Structure and structural transitions are at the heart of the molecular basis of biological function. In super-resolution microscopy and single-molecule biophysics, such information is probed using fluorophores. The emitted light gives rise to diffraction-limited spots whose centers are routinely localized with nanometer precision when spots are isolated. Thus, distances shorter than the diffraction limit may be assessed by filtered imaging of differently colored fluorophores. Popular approaches assume rotational freedom of the fluorophore emission dipole moment and hence fit a 2D Gaussian intensity distribution to the image of a fluorophore. This is done using least-squares method. However, when the dipole moment is resolved in time or deliberately fixed, the resulting intensity pattern is highly anisotropic and depends radically on the dipole orientation.
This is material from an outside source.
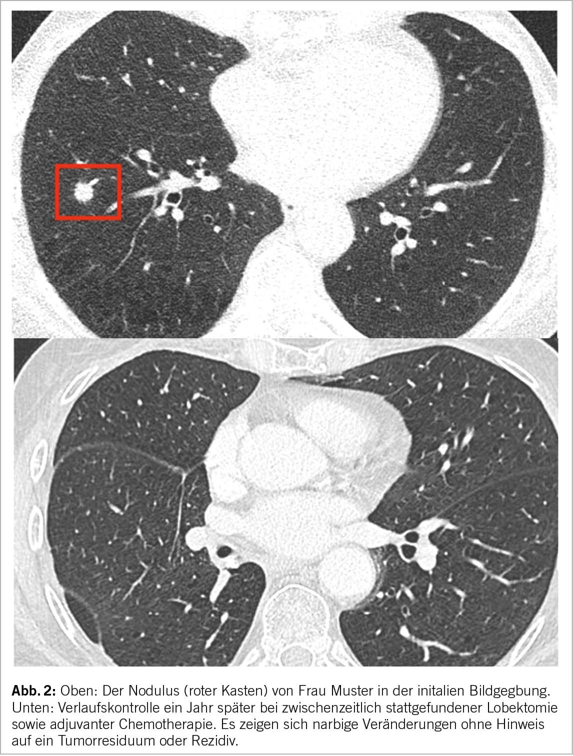 Jede neue Früherkennungsmassnahme muss vor der Übernahme durch die obligatorische Krankenpflegeversicherung auf ihre Wirksamkeit, Zweckmässigkeit und Kosteneffizienz geprüft werden. Diese Beurteilung wird von der Eidgenössischen Kommission für allgemeine Leistungen und Grundsatzfragen (ELGK) vorgenommen, nachdem die betroffenen Kreise beim BAG ein Gesuch eingereicht haben. Als Grundlage hierfür müssen konkrete handlungsleitende Empfehlungen vorliegen. Dieser Herausforderung stellen sich die involvierten Fachgesellschaften zusammen mit den Patientenorganisationen Lungenliga Schweiz und Krebsliga Schweiz. Ein HTA (Health Technology Assessment), welches Abläufe und Empfehlungen zum Screening beinhaltet, wurde im vergangenen Mai von der Kommission für Krebsfrüherkennung veröffentlicht und anschliessend mit verschiedenen Stakeholdern besprochen. Am 15. November 2022 veröffentlichte die Kommission eine offizielle Empfehlung zum Screening mittels niedrigdosierter Computertomographie für Risikogruppen (17). Die medizinische Indikation für ein Niedrigdosis-CT-Screening müsste in jedem Fall von einem Arzt gestellt werden, um von der obligatorischen Krankenpflegeversicherung übernommen zu werden. Vorläufige Studienergebnisse einer Schweizer Pilotstudie, in welche Patienten mit erhöhtem Risiko (in Anlehnung an die NELSON Kriterien oder mit einem PLCOm2012 >2.5%) eingeschlossen wurden, zeigt vielversprechende Ergebnisse. Abgesehen von einem grossen Interesse der Allgemeinbevölkerung wurden nahezu 5% der Teilnehmer mit Lungenkrebs diagnostiziert. Jedes der detektierten Lungenkarzinome konnte mit Hilfe eines kurativen Ansatzes behandelt werden (Abb. 2).

We recently showed that the optimal analysis to extract simultaneous orientations and positions from focused images of fixed fluorophores uses the theoretical point spread function in conjunction with maximum likelihood estimation. Here we show that this approach is mature as a structural tool: It is able to determine real, physical distances and orientations of intra- and inter-molecular domains. For proof of principle, we use dsDNA strands with two differently colored probes doubly attached to the double-helix backbone. Relative orientations and distances between probes are controlled by the number of base pairs separating them. We demonstrate that estimates of orientation and distance are accurate and precise: they scatter tightly around their true values known from structural information with a standard deviation that achieves the ultimate precision possible according to Fisher's information limit.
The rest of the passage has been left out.